** ASSIGNED TASK **
Your answer should give again, exactly, the lines from the beginning of the entries below through the line containing "Place the flat". It must contain no pictures.

** DATA UNDER STUDY **
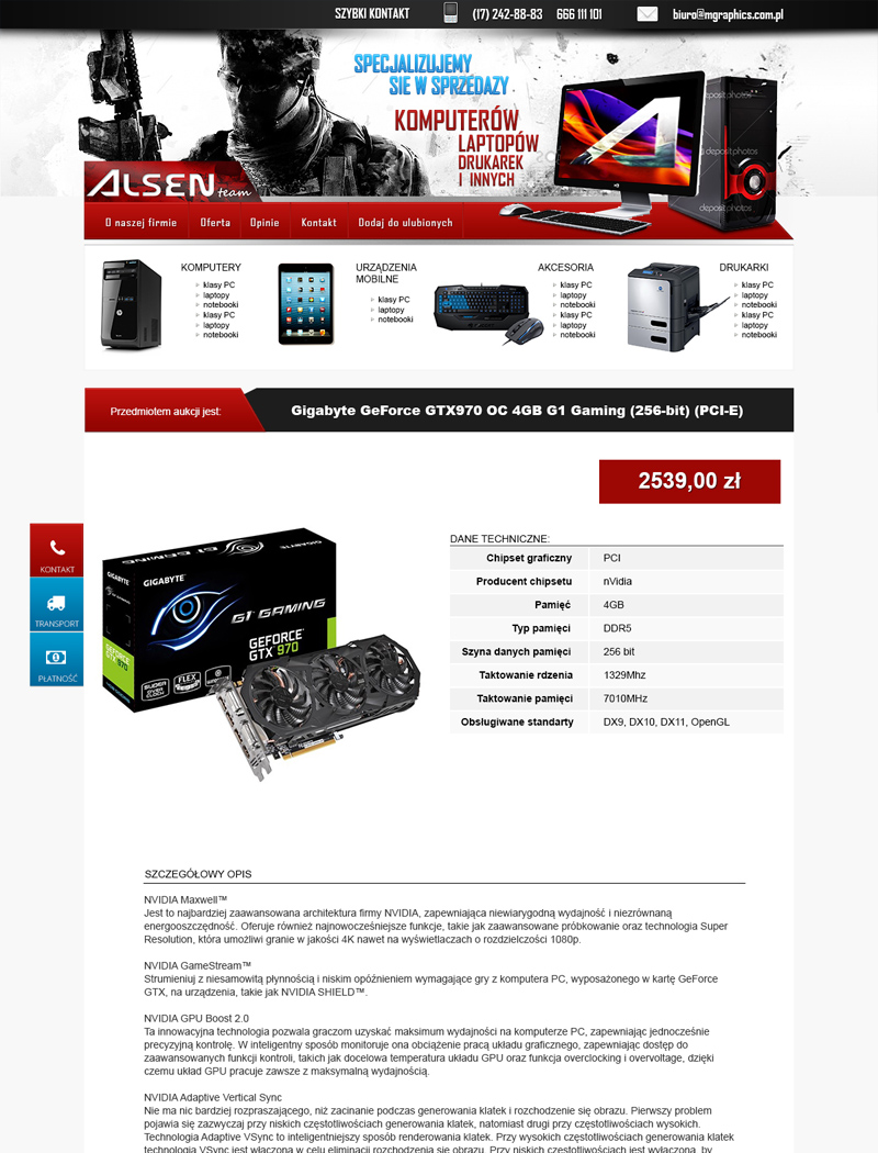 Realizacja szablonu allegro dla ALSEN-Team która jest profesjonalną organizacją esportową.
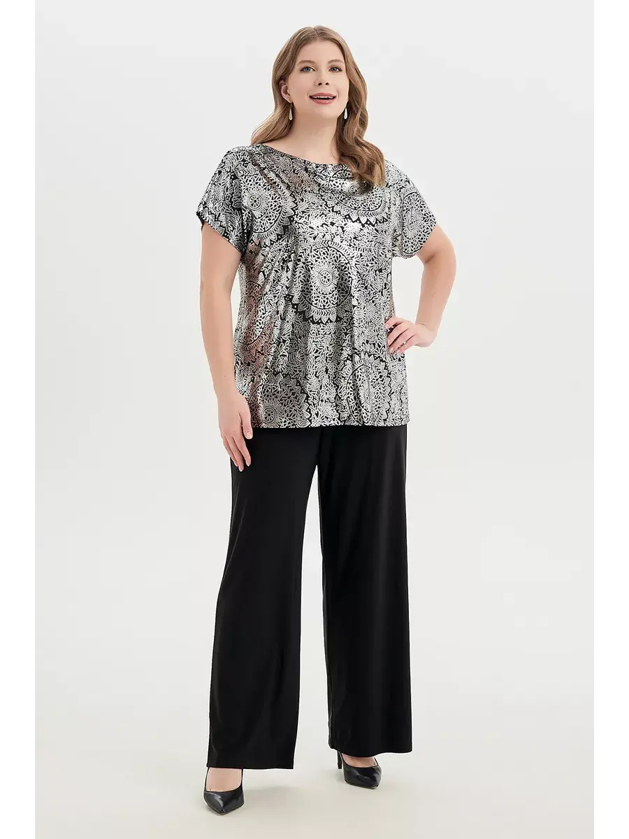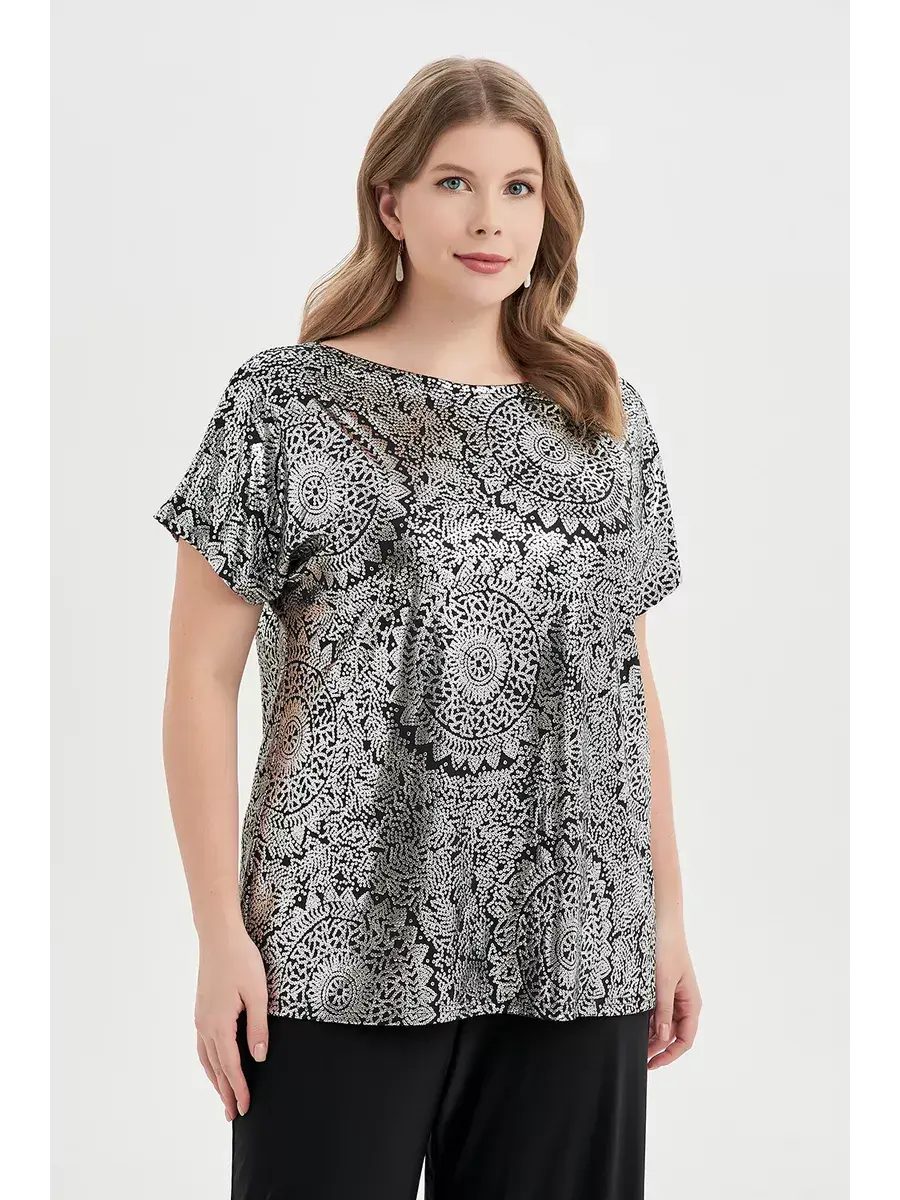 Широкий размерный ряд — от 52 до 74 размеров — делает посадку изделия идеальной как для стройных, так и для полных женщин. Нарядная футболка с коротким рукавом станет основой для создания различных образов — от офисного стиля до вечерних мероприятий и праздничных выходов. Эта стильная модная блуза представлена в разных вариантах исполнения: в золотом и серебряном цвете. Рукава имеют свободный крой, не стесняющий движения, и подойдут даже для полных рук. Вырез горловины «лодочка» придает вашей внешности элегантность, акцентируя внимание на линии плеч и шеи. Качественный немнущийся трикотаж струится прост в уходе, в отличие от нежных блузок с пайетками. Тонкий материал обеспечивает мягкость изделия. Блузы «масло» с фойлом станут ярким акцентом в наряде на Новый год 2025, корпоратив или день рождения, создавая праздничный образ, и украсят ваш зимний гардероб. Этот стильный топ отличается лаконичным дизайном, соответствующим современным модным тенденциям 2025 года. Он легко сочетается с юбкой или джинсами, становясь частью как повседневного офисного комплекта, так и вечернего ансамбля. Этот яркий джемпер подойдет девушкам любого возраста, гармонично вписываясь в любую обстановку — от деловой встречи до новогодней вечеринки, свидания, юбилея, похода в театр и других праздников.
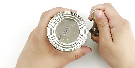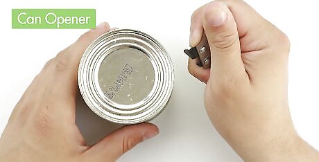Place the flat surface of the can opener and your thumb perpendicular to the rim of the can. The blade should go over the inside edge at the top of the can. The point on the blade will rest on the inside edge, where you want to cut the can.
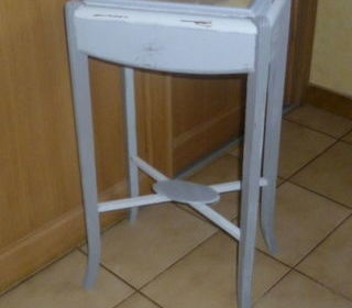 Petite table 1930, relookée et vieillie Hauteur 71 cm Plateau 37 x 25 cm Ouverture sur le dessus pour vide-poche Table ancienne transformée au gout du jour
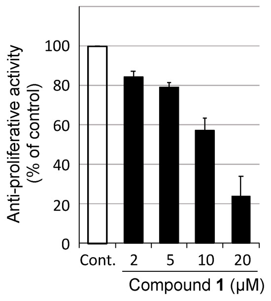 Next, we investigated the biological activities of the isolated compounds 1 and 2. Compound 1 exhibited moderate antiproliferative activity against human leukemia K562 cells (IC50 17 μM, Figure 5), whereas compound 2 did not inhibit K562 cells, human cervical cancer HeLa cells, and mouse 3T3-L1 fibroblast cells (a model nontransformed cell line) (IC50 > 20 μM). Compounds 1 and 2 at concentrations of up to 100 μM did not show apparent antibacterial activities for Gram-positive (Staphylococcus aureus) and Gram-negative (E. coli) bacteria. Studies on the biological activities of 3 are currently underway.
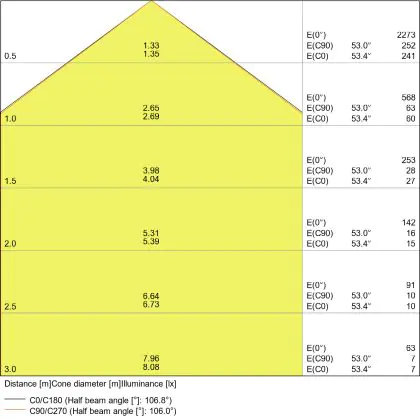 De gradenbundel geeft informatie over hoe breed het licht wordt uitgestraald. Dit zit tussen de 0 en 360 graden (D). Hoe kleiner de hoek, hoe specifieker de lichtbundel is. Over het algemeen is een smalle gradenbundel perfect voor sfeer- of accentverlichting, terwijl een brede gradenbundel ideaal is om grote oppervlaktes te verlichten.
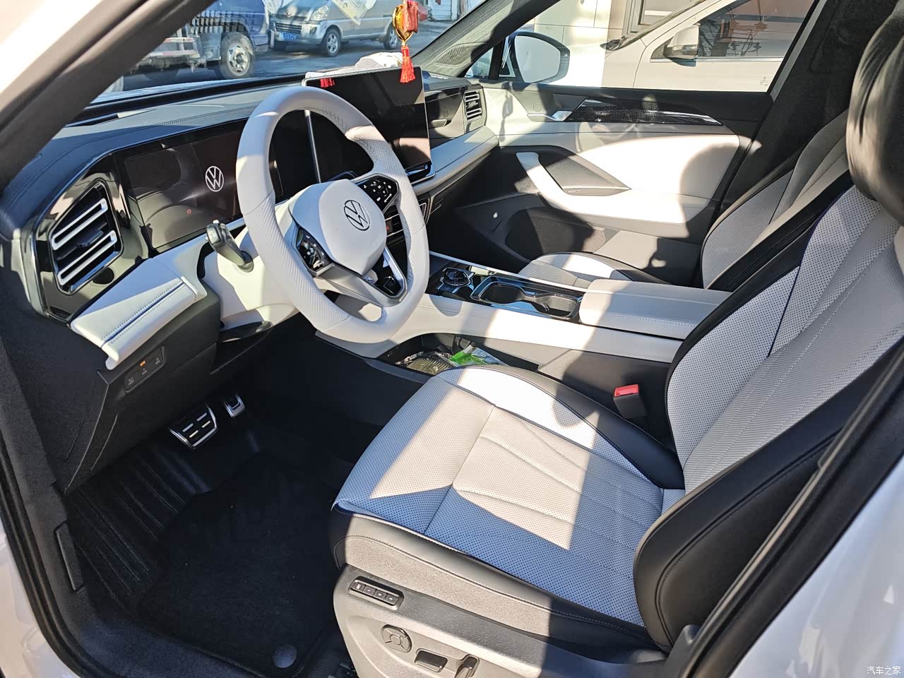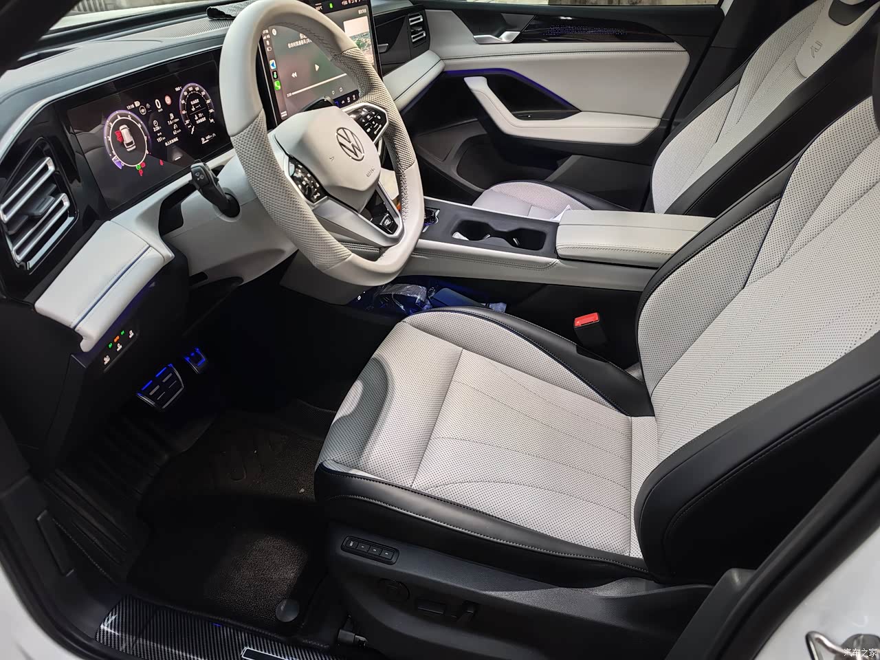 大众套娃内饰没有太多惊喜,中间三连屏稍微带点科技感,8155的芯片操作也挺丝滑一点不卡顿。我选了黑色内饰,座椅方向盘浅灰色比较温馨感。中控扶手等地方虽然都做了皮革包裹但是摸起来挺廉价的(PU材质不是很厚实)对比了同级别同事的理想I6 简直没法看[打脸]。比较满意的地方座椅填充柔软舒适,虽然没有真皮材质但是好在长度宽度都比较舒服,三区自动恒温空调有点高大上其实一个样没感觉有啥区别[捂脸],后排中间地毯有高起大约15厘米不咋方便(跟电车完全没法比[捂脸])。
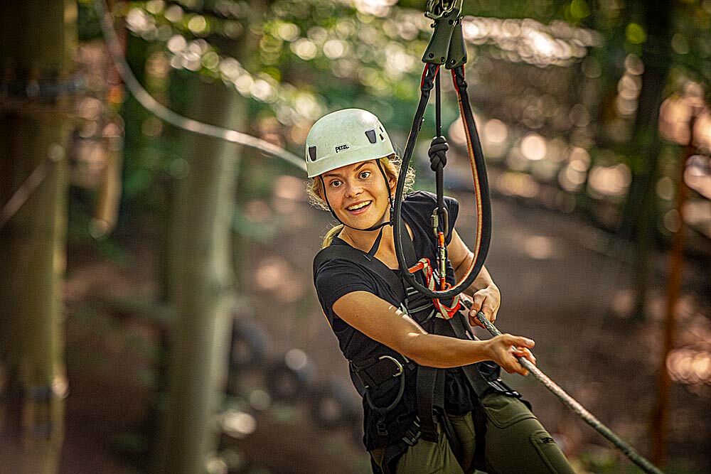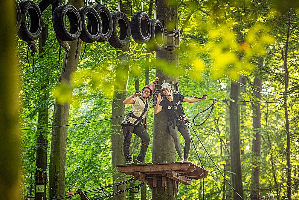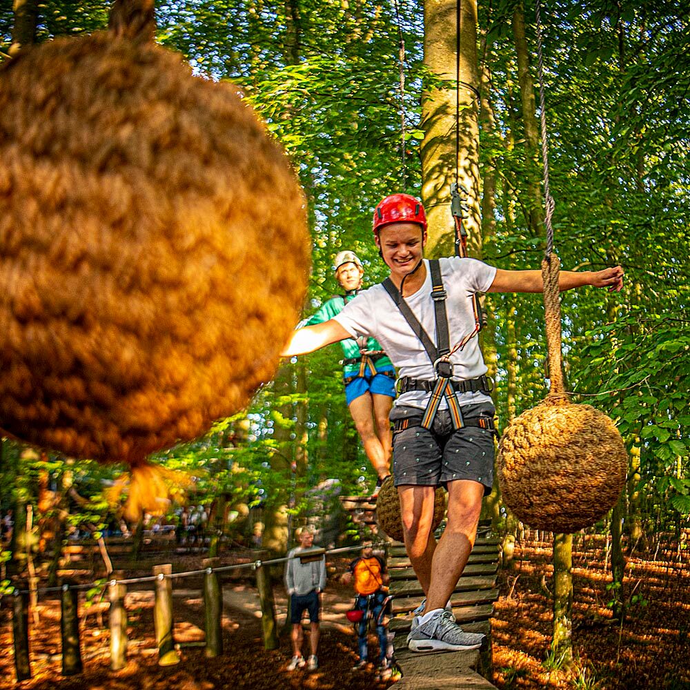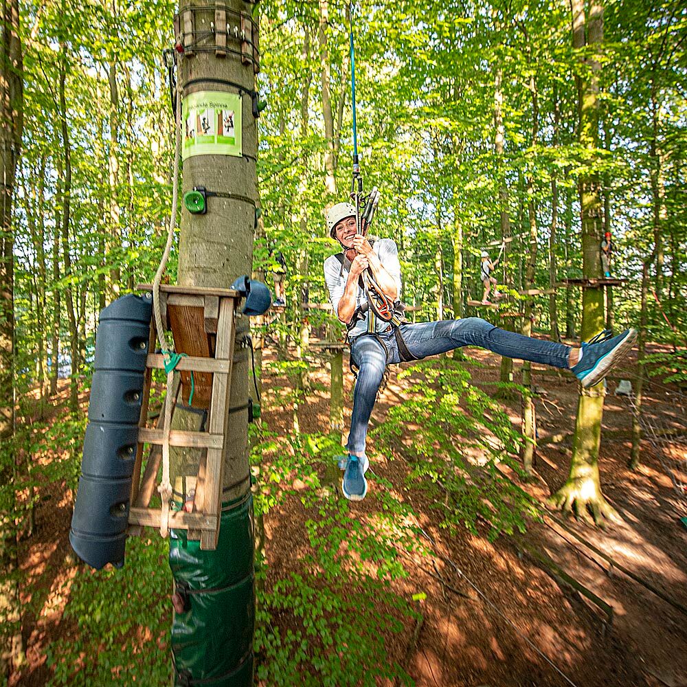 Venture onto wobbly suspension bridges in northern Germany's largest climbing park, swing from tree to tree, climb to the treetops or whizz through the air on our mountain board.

** WRITTEN SOLUTION **
 Realizacja szablonu allegro dla ALSEN-Team która jest profesjonalną organizacją esportową.
 Широкий размерный ряд — от 52 до 74 размеров — делает посадку изделия идеальной как для стройных, так и для полных женщин. Нарядная футболка с коротким рукавом станет основой для создания различных образов — от офисного стиля до вечерних мероприятий и праздничных выходов. Эта стильная модная блуза представлена в разных вариантах исполнения: в золотом и серебряном цвете. Рукава имеют свободный крой, не стесняющий движения, и подойдут даже для полных рук. Вырез горловины «лодочка» придает вашей внешности элегантность, акцентируя внимание на линии плеч и шеи. Качественный немнущийся трикотаж струится прост в уходе, в отличие от нежных блузок с пайетками. Тонкий материал обеспечивает мягкость изделия. Блузы «масло» с фойлом станут ярким акцентом в наряде на Новый год 2025, корпоратив или день рождения, создавая праздничный образ, и украсят ваш зимний гардероб. Этот стильный топ отличается лаконичным дизайном, соответствующим современным модным тенденциям 2025 года. Он легко сочетается с юбкой или джинсами, становясь частью как повседневного офисного комплекта, так и вечернего ансамбля. Этот яркий джемпер подойдет девушкам любого возраста, гармонично вписываясь в любую обстановку — от деловой встречи до новогодней вечеринки, свидания, юбилея, похода в театр и других праздников.
Place the flat surface of the can opener and your thumb perpendicular to the rim of the can. The blade should go over the inside edge at the top of the can. The point on the blade will rest on the inside edge, where you want to cut the can.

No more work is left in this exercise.